Many datasets from CDAWeb contain ephemeris (position) data for the associated satellite.

Use https://hapi-server.org/servers/ or https://heliophysicsdata.gsfc.nasa.gov/

1. to find a CDAWeb dataset that contains the ephemeris of a satellite, and
2. to find a SSCWeb dataset that contians the ephemeris of the same satellite.

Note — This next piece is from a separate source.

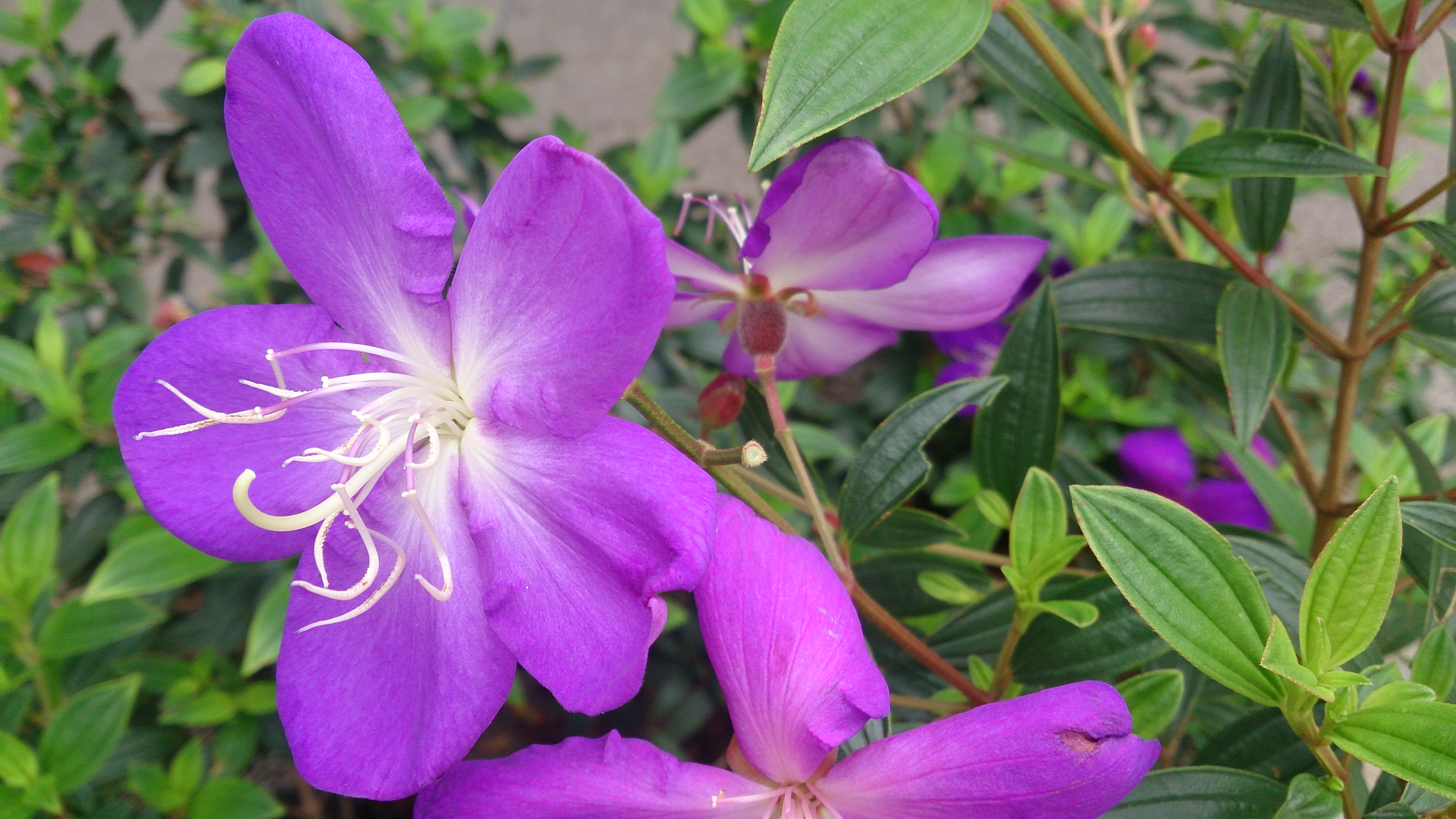 Tibouchina granulosa. Common name: Purple Glory Tree. This plant looks like the Singapore Rhododendron (Melastoma malabathricum), but it's not.
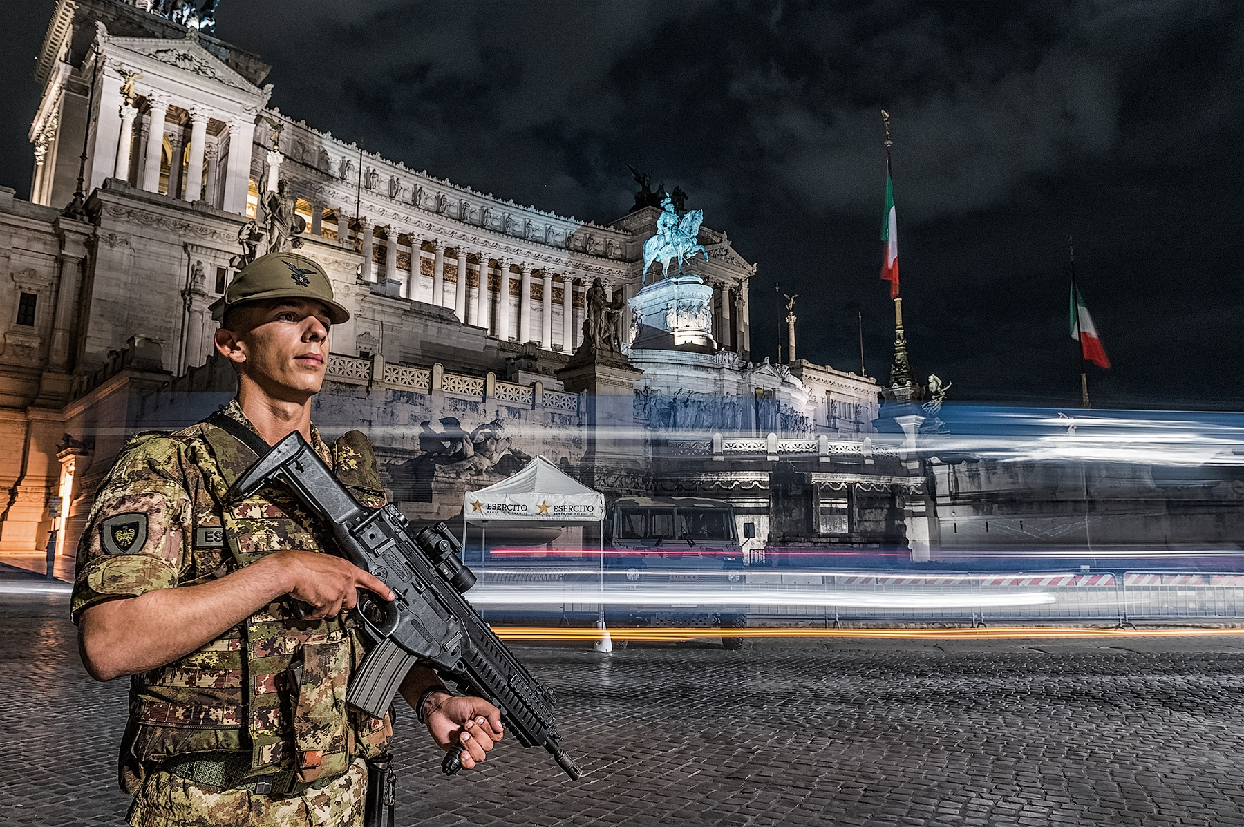 Italian Army, a soldier from the 8th Alpini Regiment guarding the Altare della Patria in Rome

Create a plot that compares the results.

# Plotting

Use any plotting software to create a stack plot similar to the following.

# Data Fusion

Use SunPy to obtain solar images for the event of DATE. On this date, the X spacecraft was 200 R_E upstream of Earth (and so in the interstellar medium). Obtain solar wind velocity measurements from X from DATE to DATE+4 days. 

Can you seee the signature of the solar event in the X spacecraft solar wind velocity measurements?